WORK INSTRUCTION: Your answer must be an exact copy of the listing, with the images left out.

═════ INFORMATION SHOWN

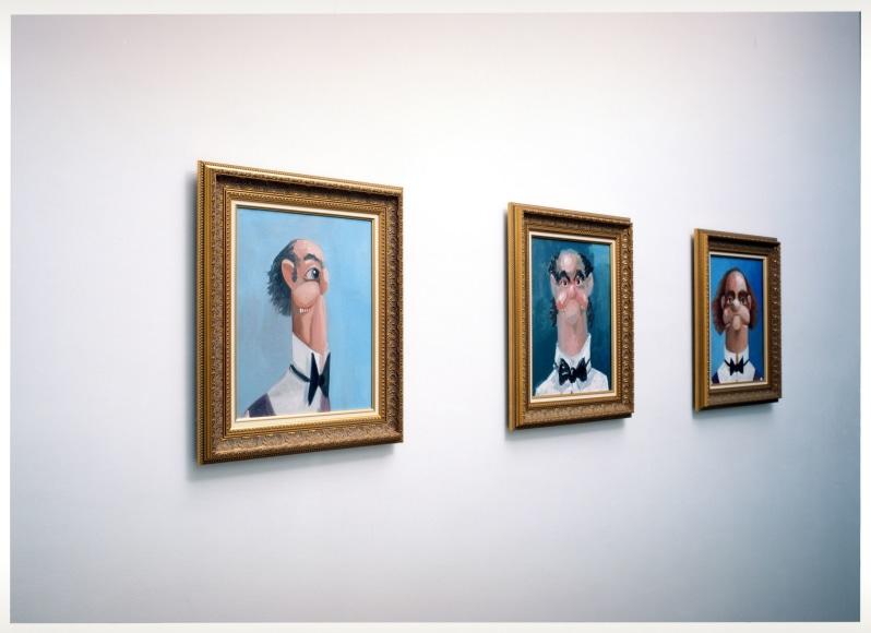 Condo's "Existential Portraits" exhibit his conceptual approach to art, merging high and low cultural references in a way that prompts the viewer to question the boundaries between them. As the viewer navigates through the series, the ever-changing faces and scenes suggest a deeper commentary on the fluidity of identity and the complexity of the human condition. The presence of characters from popular culture and everyday life, juxtaposed with those of his own invention, creates a dynamic dialogue between the viewer and the artwork, encouraging introspection and reflection on the nature of existence itself.
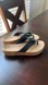 Crocs A Leigh Flower Leather Flip Flop Sandal Cork Platform Wedge Black Size 10
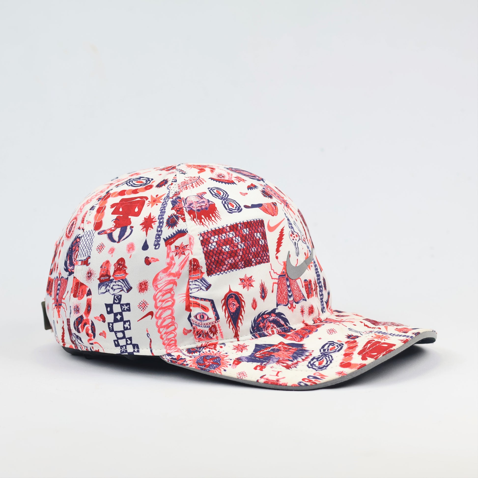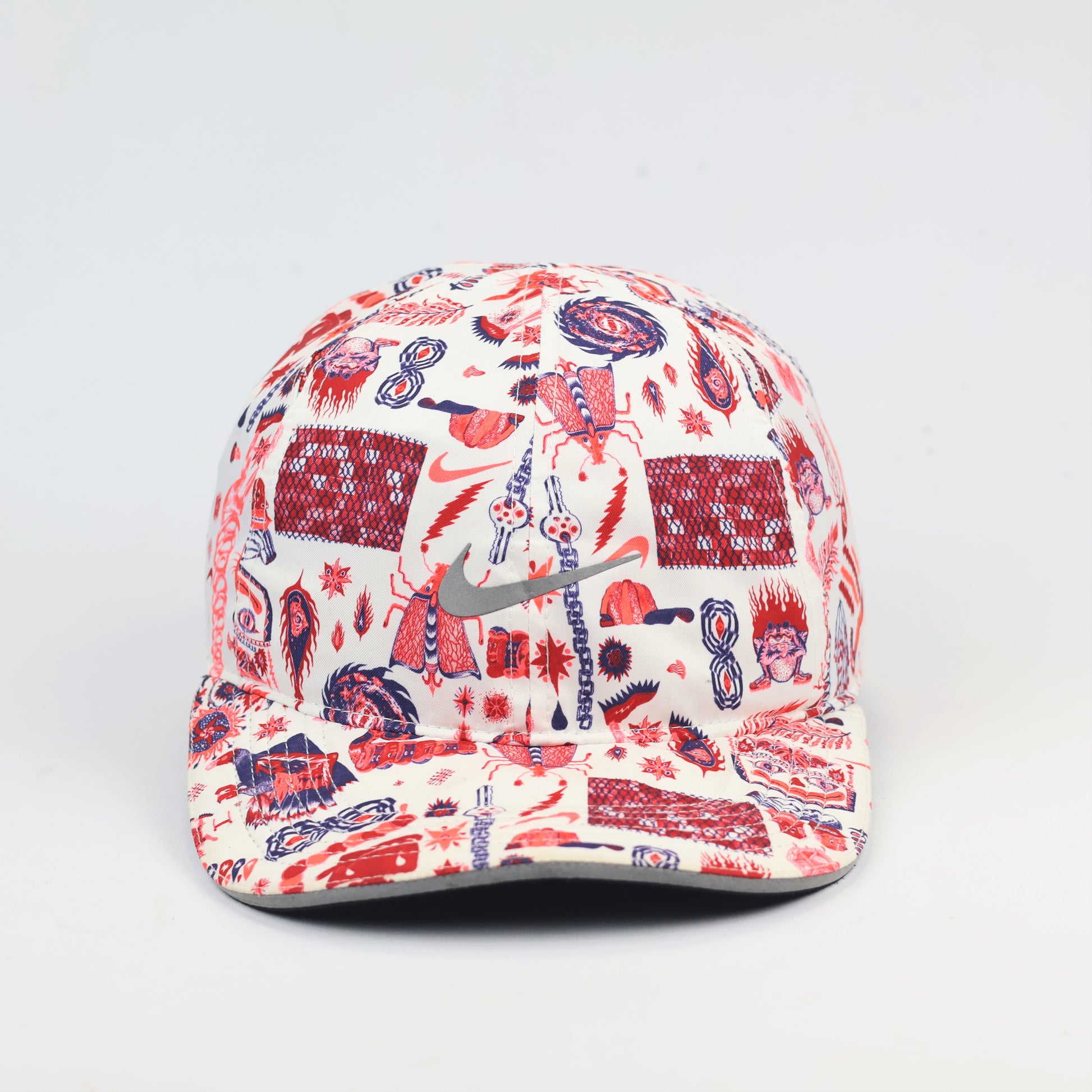 Rare Nike Dri-FIT "Featherlight" Running Thrifted Hat | White Graphic Print Snapback

══════════

FINISHED TASK:
 Condo's "Existential Portraits" exhibit his conceptual approach to art, merging high and low cultural references in a way that prompts the viewer to question the boundaries between them. As the viewer navigates through the series, the ever-changing faces and scenes suggest a deeper commentary on the fluidity of identity and the complexity of the human condition. The presence of characters from popular culture and everyday life, juxtaposed with those of his own invention, creates a dynamic dialogue between the viewer and the artwork, encouraging introspection and reflection on the nature of existence itself.
 Crocs A Leigh Flower Leather Flip Flop Sandal Cork Platform Wedge Black Size 10
 Rare Nike Dri-FIT "Featherlight" Running Thrifted Hat | White Graphic Print Snapback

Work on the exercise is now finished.